- Records shown

══════

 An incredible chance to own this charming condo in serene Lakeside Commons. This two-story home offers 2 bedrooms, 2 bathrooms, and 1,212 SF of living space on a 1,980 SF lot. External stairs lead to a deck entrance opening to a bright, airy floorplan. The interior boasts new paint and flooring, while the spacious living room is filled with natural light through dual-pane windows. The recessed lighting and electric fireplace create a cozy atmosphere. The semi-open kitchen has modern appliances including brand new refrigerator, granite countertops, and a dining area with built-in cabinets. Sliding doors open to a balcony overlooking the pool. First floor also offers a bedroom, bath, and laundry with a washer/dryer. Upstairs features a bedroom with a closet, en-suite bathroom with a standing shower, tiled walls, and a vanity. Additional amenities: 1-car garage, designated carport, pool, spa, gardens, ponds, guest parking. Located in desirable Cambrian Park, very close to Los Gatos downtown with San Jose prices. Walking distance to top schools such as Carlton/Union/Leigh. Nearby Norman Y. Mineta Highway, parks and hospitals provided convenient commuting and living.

══════

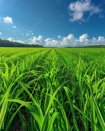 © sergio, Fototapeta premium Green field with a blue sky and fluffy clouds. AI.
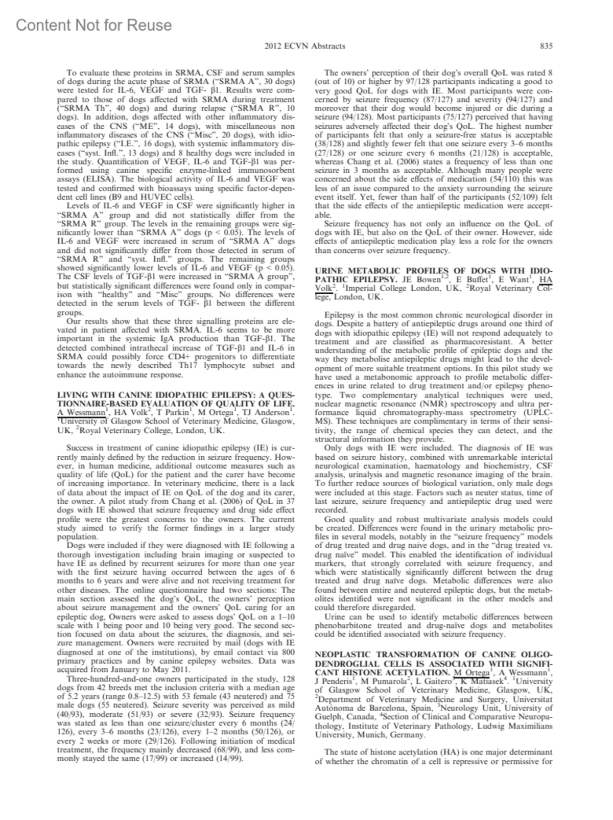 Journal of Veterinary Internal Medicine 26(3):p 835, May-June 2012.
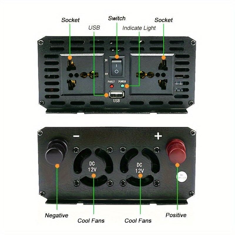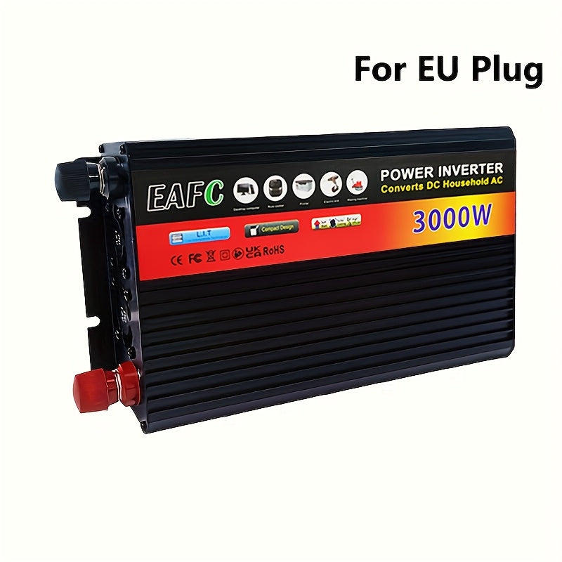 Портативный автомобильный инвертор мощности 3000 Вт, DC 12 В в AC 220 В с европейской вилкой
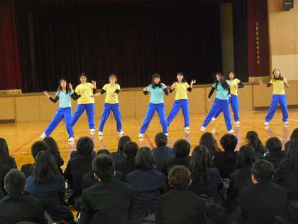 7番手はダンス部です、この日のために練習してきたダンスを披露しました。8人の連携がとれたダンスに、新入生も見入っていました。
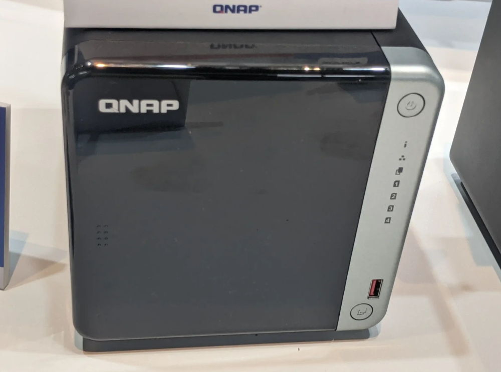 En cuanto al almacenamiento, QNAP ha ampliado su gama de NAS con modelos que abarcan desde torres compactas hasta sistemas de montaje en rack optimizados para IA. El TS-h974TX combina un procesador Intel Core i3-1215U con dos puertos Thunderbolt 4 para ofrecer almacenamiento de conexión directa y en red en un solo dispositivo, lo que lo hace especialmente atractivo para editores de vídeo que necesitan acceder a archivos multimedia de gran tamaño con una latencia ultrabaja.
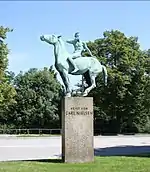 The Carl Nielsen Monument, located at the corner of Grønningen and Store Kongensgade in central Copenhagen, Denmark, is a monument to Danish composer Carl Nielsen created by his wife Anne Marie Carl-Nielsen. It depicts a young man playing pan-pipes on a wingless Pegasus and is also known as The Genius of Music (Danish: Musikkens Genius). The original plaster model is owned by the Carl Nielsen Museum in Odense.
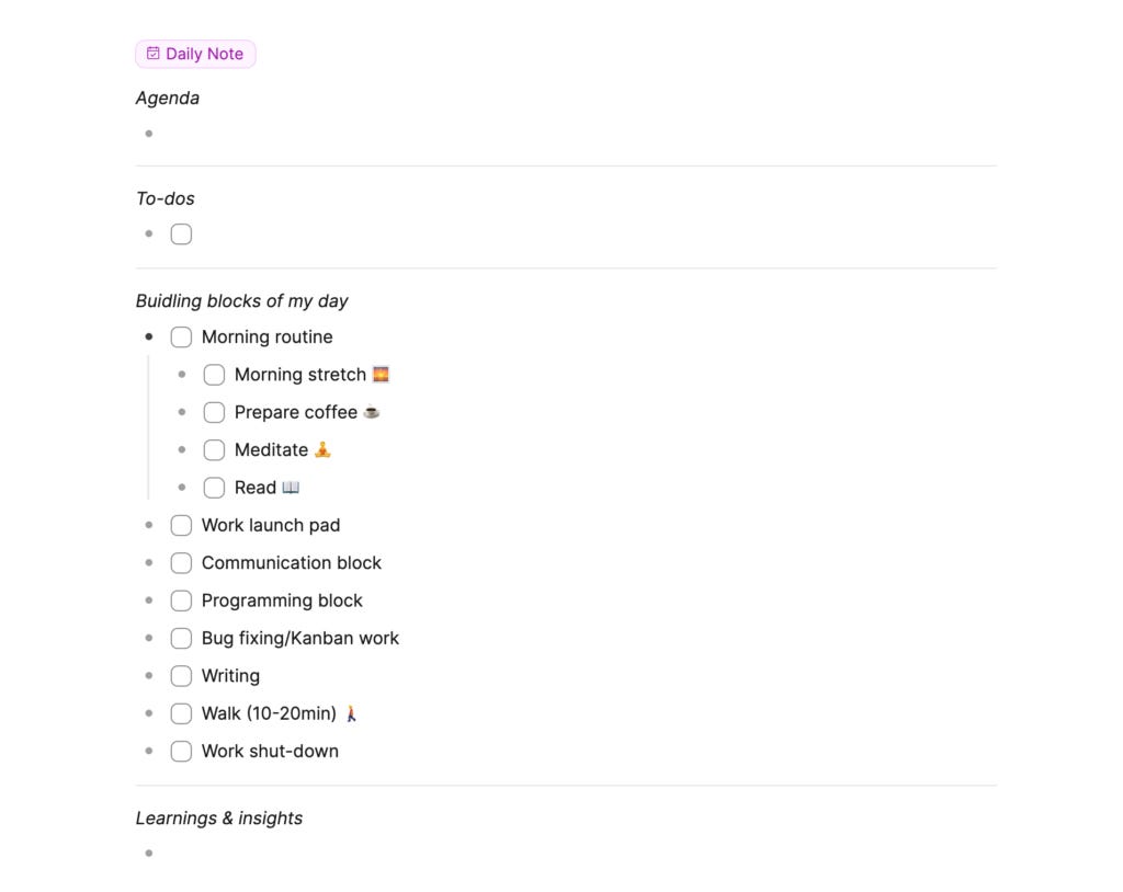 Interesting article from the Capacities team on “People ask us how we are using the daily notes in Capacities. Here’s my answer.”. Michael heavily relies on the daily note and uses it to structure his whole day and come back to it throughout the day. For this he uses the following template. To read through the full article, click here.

══════

- What you are asked to do
Above are the records; copy from them only the lines starting at the one containing "Journal of Veterinary" and ending at the one containing "7番手はダンス部です、この日", exactly and without pictures.

- Solution to this exercise
 Journal of Veterinary Internal Medicine 26(3):p 835, May-June 2012.
 Портативный автомобильный инвертор мощности 3000 Вт, DC 12 В в AC 220 В с европейской вилкой
 7番手はダンス部です、この日のために練習してきたダンスを披露しました。8人の連携がとれたダンスに、新入生も見入っていました。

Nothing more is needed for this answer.